Student Employment Guidelines

Academic Year Guidelines

FERPA | Authorization Requirements | Hiring | Full-Time Job Policy | Teaching Assistants| Returning Students | Special Circumstances | International Students | Hiring Priority | Earnings Limits | Job Descriptions | Requesting New Student Positions | Advertising | Compensation | Payroll Paperwork | Pay Grades and Rates | Timesheet Management | Work Schedule | Warnings, Terminations and Appeals Procedures | Absenteeism | Contact

There are important limitations on accessing and sharing student information placed on us by federal legislation and college policy. The Family Educational Rights and Privacy Act of 1974, as amended, often referred to as FERPA or the Buckley Amendment, provides considerable protection to our students and their records and legal sanctions against the College if we do not comply. Therefore, it is necessary to understand your responsibilities before being provided access to student information.

Under FERPA, information is divided into two categories: directory and non-directory. The law covers the educational records of living persons who are attending, or who have attended, the College so the following procedures and policies cover both students and living alumni/ae.

Unless the student or alumnus/a specifies otherwise to the Registrar, the College may, but is not required to, release what it defines as directory information without the prior consent of the individual. Except under specific circumstances stipulated in the legislation, e.g. in response to a lawful subpoena or an emergency, the College may not release non-directory information without the prior consent of the student or alumnus/a.

Williams defines the following as directory information: name; permanent and College addresses; campus electronic mail address; permanent and campus telephone numbers; date and place of birth; country of citizenship; major field, extra-curricular activities; height and weight of members of athletic teams; dates of attendance; degrees, honors and awards; other schools attended. Although this information is defined as directory or “public” under the law, we do not release it indiscriminately. We do not, for instance, provide directories to outside agencies who wish to prepare mailing lists or otherwise solicit our students. We would ask that you also follow this procedure. Please direct inquiries for information from off-campus to the Office of the Registrar.

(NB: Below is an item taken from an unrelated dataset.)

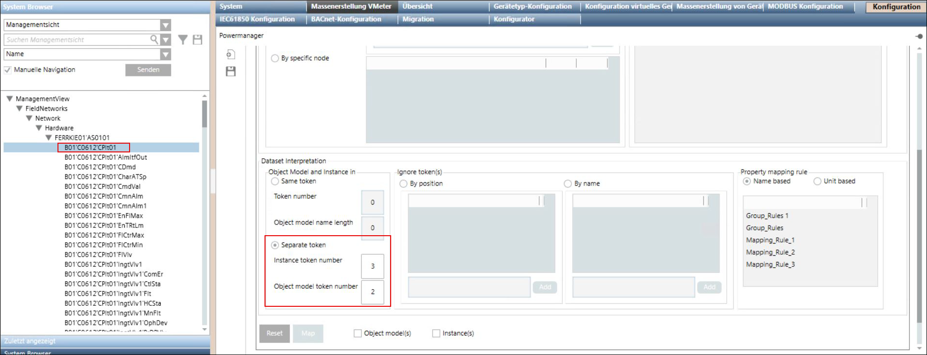 - Beispiel: Sie haben den Knoten B01'C0612'CPlt01'CDmd und haben als Instanz-Token-Nummer 3 sowie als Objektmodell-Token-Nummer 2 angegeben.

In general, faculty and staff have access to personally identifiable non-directory information about students as long as they have a legitimate educational interest in the data, or a “need to know.”  Legitimate interests might include hiring a student during the academic year; seeking information to assist in writing a letter of recommendation; or gathering information to update department or program records.

Releasing personally identifiable non-directory information to others without prior permission from the student or alumnus/a is illegal. You cannot, for instance, provide information about students, even to parents, unless the student or alumnus/a has given you prior written permission to share the data. This includes the student’s enrollment information, all financial aid information, and work history.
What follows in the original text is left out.